4-2-4- La démystification de l’écriture

Ces dernières années, les recherches en langue ont commencé à s’intéresser à la production écrite et à la traiter non comme un « don » mais comme une compétence qu’on acquiert et donc qu’on enseigne.

La place qu’elle occupe en didactique traditionnelle est quelque peu équivoque : elle ne bénéficiait pas d’un enseignement particulier et spécifique mais elle avait un rôle important dans l’évaluation. C’est le lieu d’expression et d’investissement des différents enseignements d’orthographe, de grammaire, de conjugaison … . C’est par elle que s’effectue la vérification de la réussite ou l’échec de la transmission des autres savoirs. Toutefois « il n’est pas toujours évident que les savoirs sur les fonctionnements de la langue ou même des « savoirs-faire manipulatoires localisés » développés chez l’élève soient facilement et immédiatement investis dans les pratiques scripturales » (M. Miled, 1998 : 17).

Selon M. Miled (op. cit.), deux raisons ont fait qu’un tel enseignement n’a pas été dispensé, la première est en rapport avec l’apprenant chez qui l’acte d’écriture ou de rédaction est fortement, pour ne pas dire exclusivement, lié à la validation et à la certification d’autres compétences. Ceci est d’autant plus vrai qu’en sciences, les étudiants ont une idée préconçue de la souveraineté de la science, de son auto-suffisance, son langage symbolique universel lui permettant de se passer de toute expression en langage naturel. Cet usage spécialisé de la langue naturelle est négligé dans la formation scientifique, et inexistant dans la formation linguistique et les cours de français dispensés dans les filières scientifiques au lycée.
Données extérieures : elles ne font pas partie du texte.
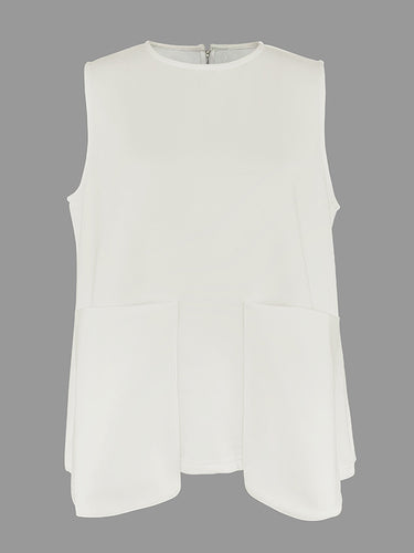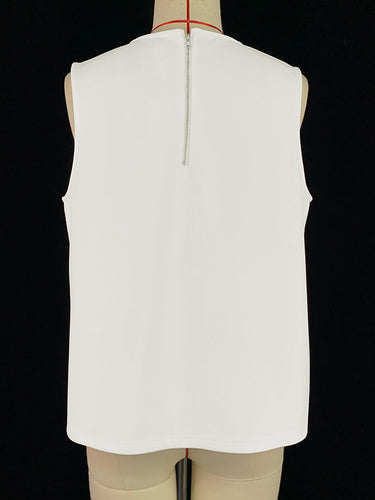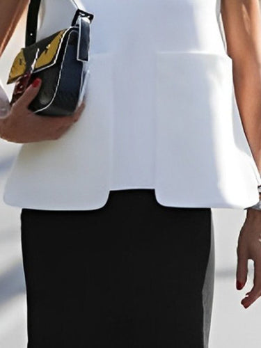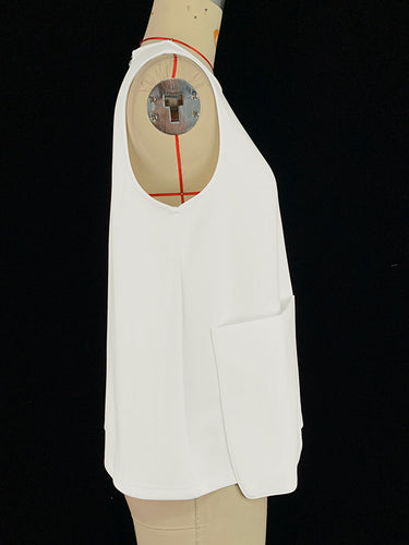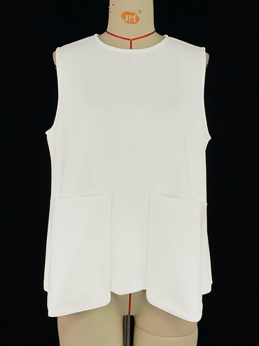 A-line gevşek düz renkli bölünmüş eklem yuvarlak boyunlu yelek üstü
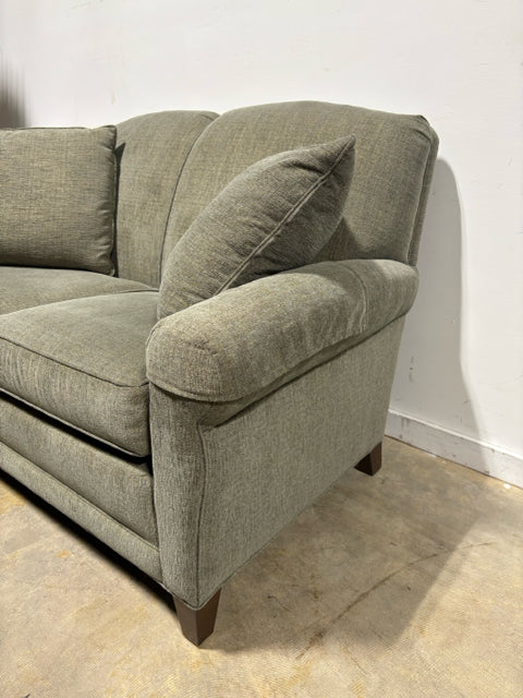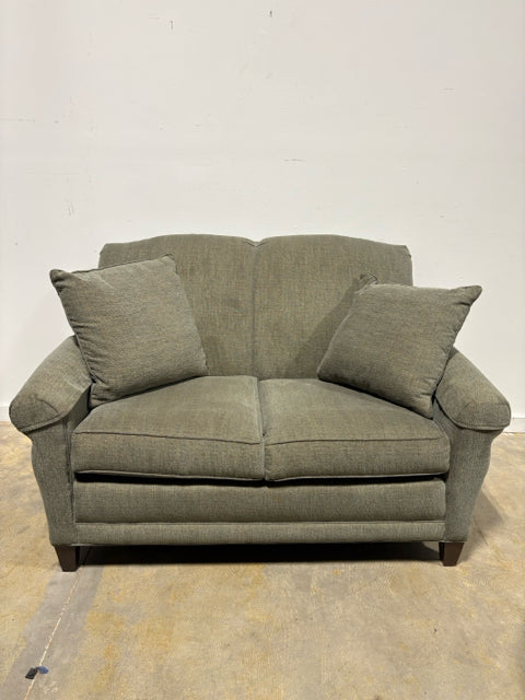 HTL Grey Leather Loveseat With Adjustable Headrests And Chrome Legs
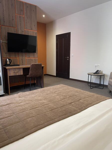 Площадь номера - 22 кв.м.; В номере: Сейф, Телевизор, Кабельное/спутниковое/цифровое телевидение, Тапочки, Кухня, Услуга будильник, Фен, Набор косметики (туалетные принадлежности), Набор для приготовления чая/кофе, Ежедневная уборка, Рабочая зона, Душ/душевая кабинка, Двуспальная кровать, Туалет в номере, Тумбочка, Шкаф, Чайник, Утюг, Гладильная доска; Макс. кол-во гостей - 2
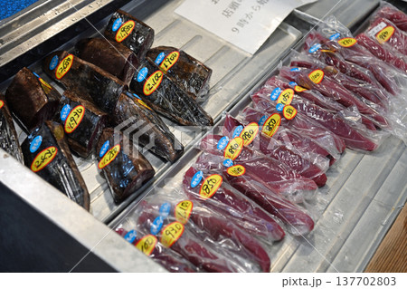 高知名物の鰹のタタキと刺身の店頭販売 久礼の市場に並ぶ新鮮な地物カツオ
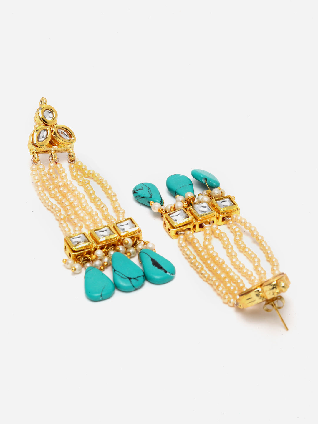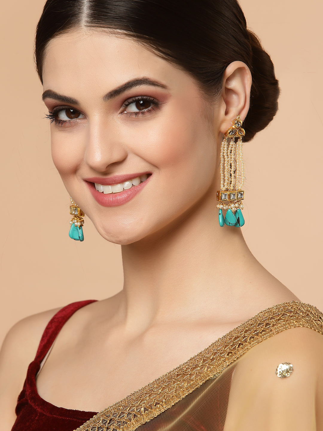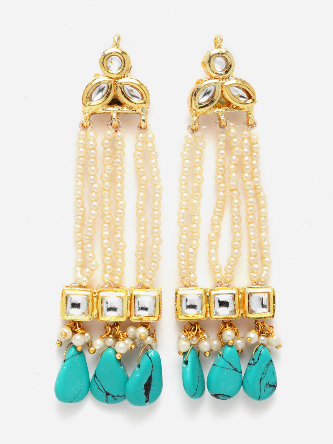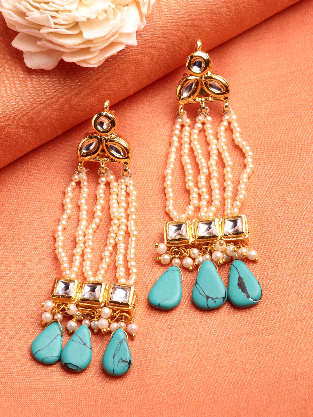 Kundan With Pearl And Firoza Stone Handmade And Flaunted To Give Us Best Version Of You In Todays World.; Category Of Jewellery Is Earring; Sub Category Is Drop; Ideal For Women; Color Is Blue, Cream, Gold, Black; Gemstones Used - Kundan, Pearls, Natural Stones; Plating Is Gold-Plated; Base Metal Is Alloy; Other Material Used - Closure Stopper And Kanchain; Size Is Freesize; Adjustable - No; Weight Is 22 Gms; Mesaurements - Length Of Earring= 9 Cm; Width Of Earring =4 Cm; Adjustable - No; Content 1 Pair Earring
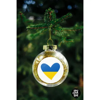 UKRAINE heart, Στολίδι Χριστουγεννιάτικη μπάλα δένδρου διάφανη με χρυσό γέμισμα 8cm
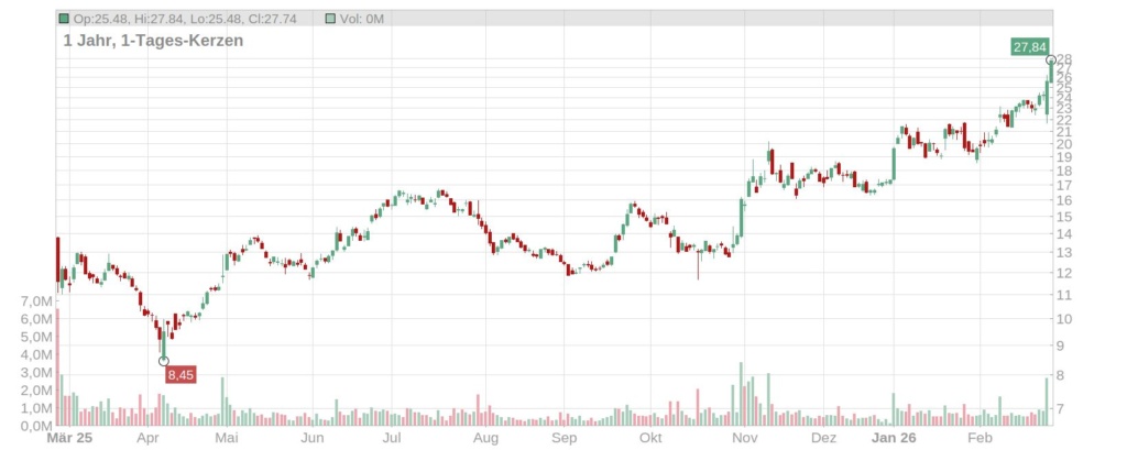 Der Kurs der Aixtron Aktie klettert zum Beginn des letzten Handelstages der Woche nochmal deutlich um mehr als sieben Prozent und notiert aktuell bei etwa 27,50 Euro – so hoch wie seit zwei Jahren nicht mehr (Stand: 27. Februar 2026, ca. 11 Uhr). Seit Jahresbeginn hat das Papier bereits fast 60 Prozent zugelegt.
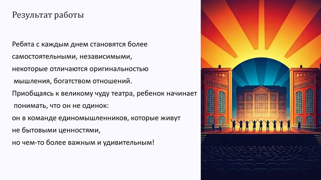 команде - все эти навыки полезны не только в театре, но и в жизни.
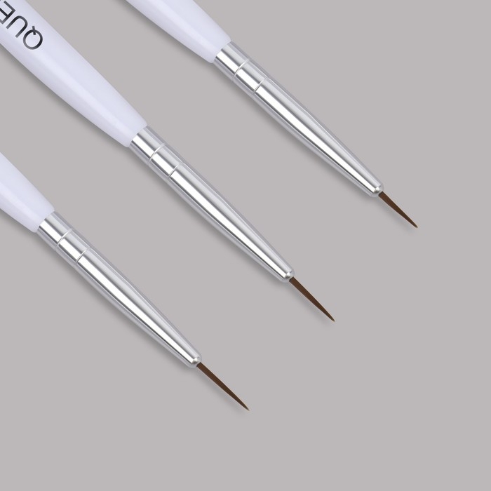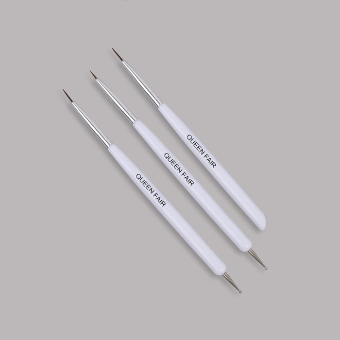 Для создания различных дизайнов используются специальные кисти для рисования на ногтях, отличающиеся формой, длиной и жесткостью ворса. Кисточка служит для выполнения мелкого рисунка. Краска набирается на кончик, и кисть идёт практически перпендикулярно поверхности.
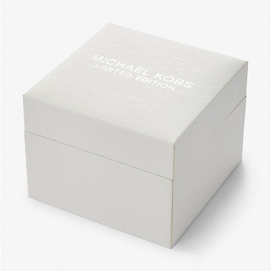 A three-hand quartz movement and Roman numeral time stops add a classic finish. Its slender casebody reverses to reveal Michael’s signature and a unique identification number, while the sleek box will keep it free from dust and scratches.
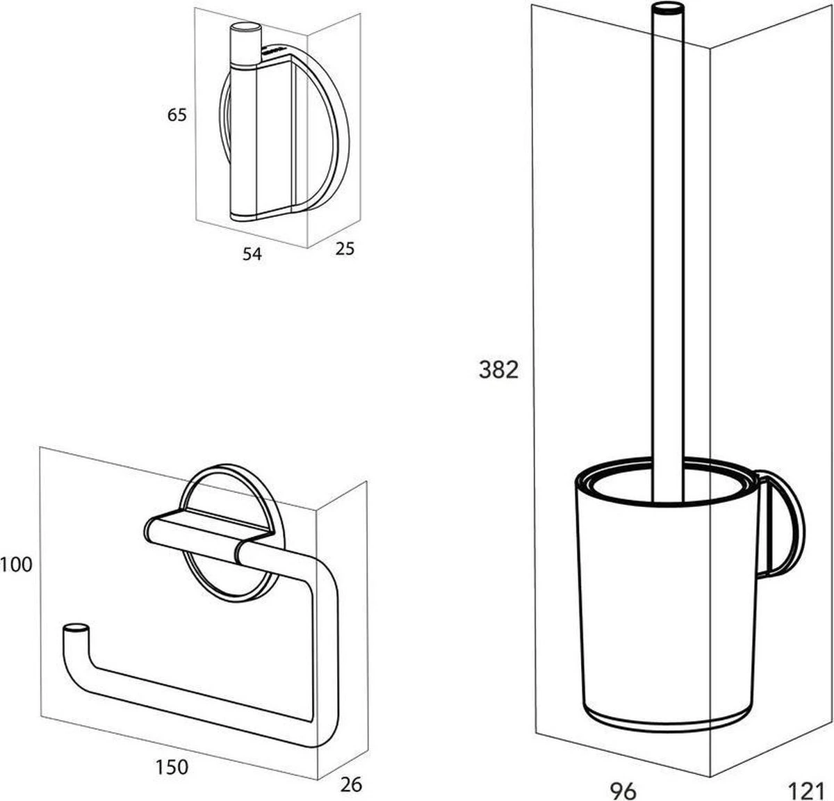 - Complete set: handdoekhaak, toiletrolhouder zonder klep en toiletborstelset

La deuxième raison est liée à « l’inexistence d’un modèle théorique sur lequel peut reposer l’enseignement de la rédaction » (op. cit. : 18). Peut-on parler de l’inexistence de ce modèle en français langue de spécialité ? Nous savons, notamment d’après S. Moirand (1990 b) qu’il existe certaines particularités d’un texte scientifique comme la neutralité de l’énonciation, l’objectivité, le présent atemporel …mais ces caractéristiques constituent-elles un modèle ou la base d’un modèle à construire ?. Existe-t-il, pour le texte scientifique ce que M. Miled appelle « (…) un modèle théorique du texte sur lequel peut reposer l’enseignement de la rédaction », « une théorie textuelle de référence explicitant son fonctionnement effectif ou la variation de ses structures discursives » ? (1998 : 18). Là où en rédaction en langue naturelle, « à cette carence d’un modèle théorique, faisaient écho des pratiques évaluatives limitées le plus souvent aux corrections de l’orthographe et de la grammaire de la phrase », en langue de spécialité, à cette carence, font écho des pratiques évaluatives ne prenant pas en compte l’expression scientifique en langage naturel. Même si l’enseignant juge souvent nécessaire de signaler les lacunes linguistiques, celles-ci ne sont pas (du moins officiellement) prises en compte dans l’évaluation : seule compte l’exactitude scientifique.